Over anderhalve maand vindt in Belém, Brazilië, de internationale klimaattop COP30 plaats.
De Braziliaanse president Lula da Silva koos bewust voor deze locatie in de Amazone om het belang van het behoud van de natuur te benadrukken. De stad onderging aanzienlijke verbouwingen, met uitbreidingen van het vliegveld, nieuwe hotels en een groot vergadercentrum. Hoewel 90 procent van de bouw volgens het lokale bestuur klaar is, groeit de kritiek.

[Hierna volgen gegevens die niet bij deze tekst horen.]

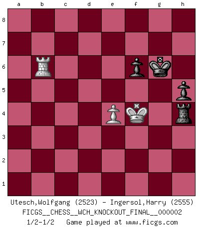 Last move : 1/2-1/2 2008 May 23 17:10:18 [Event "FICGS__CHESS__WCH_KNOCKOUT_FINAL__000002"] [Site "FICGS"] [Date "2008.01.10"] [Round "8"] [White "Utesch,Wolfgang"] [Black "Ingersol,Harry"] [Result "1/2-1/2"] [WhiteElo "2523"] [BlackElo "2555"] 1.Nf3 d5 2.d4 Nf6 3.c4 c6 4.Nc3 dxc4 5.a4 Bf5 6.e3 e6 7.Bxc4 Bb4 8.O-O Nbd7 9.Qe2 Bg4 10.h3 Bh5 11.Rd1 O-O 12.e4 Re8 13.Bf4 Qa5 14.g4 Bg6 15.Bd3 Qb6 16.a5 Bxa5 17.Nd2 Qd8 18.Nc4 Bb4 19.Nd6 Bxd6 20.Bxd6 Nb6 21.Bf4 Nfd7 22.Bc2 Qe7 23.Kg2 Qb4 24.Ra3 f6 25.h4 e5 26.Be3 Bf7 27.d5 Rec8 28.Rb3 Qd6 29.f3 h5 30.g5 fxg5 31.Bxg5 Nf6 32.Qf2 Kh8 33.dxc6 Qxc6 34.Rb5 Qc7 35.Be3 Nc4 36.Bxa7 Nxb2 37.Rb1 b6 38.Bxb6 Qxc3 39.R1xb2 Bc4 40.R5b4 Ra3 41.Bd1 Nxe4 42.Qc2 Nf6 43.Qxc3 Rxc3 44.Rd2 Kh7 45.Kf2 Kg6 46.Rc2 Bd5 47.Rxc3 Rxc3 48.Be3 e4 49.Bd4 Rc1 50.fxe4 Rxd1 51.Bxf6 gxf6 52.Ke2 Bb3 53.Rxb3 Rh1 54.Rb6 Rxh4 55.Kf3 Rh3+ 56.Kf4 Rh4+ 1/2-1/2 Reti Opening Kingside Castling by player White (move 8) Kingside Castling by player Black (move 11) 10 pieces endgame at move 51 : White KRBPP , Black KRBPP WHITE : King + 1 Rook 1 Bishop 2 Pawns BLACK : King + 1 Rook 1 Bishop 2 Pawns 9 pieces endgame at move 51 : White KRPP , Black KRBPP WHITE : King + 1 Rook 2 Pawns BLACK : King + 1 Rook 1 Bishop 2 Pawns 8 pieces endgame at move 53 : White KRPP , Black KRPP WHITE : King + 1 Rook 2 Pawns BLACK : King + 1 Rook 2 Pawns 7 pieces endgame at move 54 : White KRP , Black KRPP WHITE : King + 1 Rook 1 Pawn BLACK : King + 1 Rook 2 Pawns This chess game ended in a draw. Follow this game move after move (download)I'd rather have a Pawn than a finger. (Reuben Fine) Es war undenkbar für die Behörden, dass ein sowjetischer Großmeister auf diese Art und Weise [Fischer-Taimanov 6:0] verliert, ohne dass es eine politischer Erklärung dafür gäbe. (Mark Taimanov) El Ajedrez es un juego terrible. Si no dominas el centro, tu oponente tiene una posición mas libre. Si tu tienes el centro, entonces realmente tienes algo de que preocuparte. (Siegbert Tarrasch) La vie est comme un jeu d'échecs : nous esquissons un plan, mais celui-ci est tributaire de ce que daignent faire l'adversaire aux échecs et le destin dans la vie. (Arthur Schopenhauer) Only sick music makes money today. (Friedrich Nietzsche)

Hotels zijn schaars en extreem duur, met prijzen tot 700 euro per nacht, wat de inclusiviteit van de top voor vertegenwoordigers uit het Globale Zuiden in gevaar brengt. Daarnaast stuit de aanleg van een nieuwe vierbaansweg rond Belém op protest vanwege ontbossing en negatieve effecten op lokale vissersgemeenschappen. Dorpsleider Diana dos Santos hekelt de schade aan natuur en leefomgeving.
Tegelijkertijd verwachten velen in Belém economische kansen door de toeloop van bezoekers, wat positieve ontwikkelingen voor de regio kan betekenen. De discussie rondom COP30 weerspiegelt de complexe balans tussen economische groei en milieubehoud.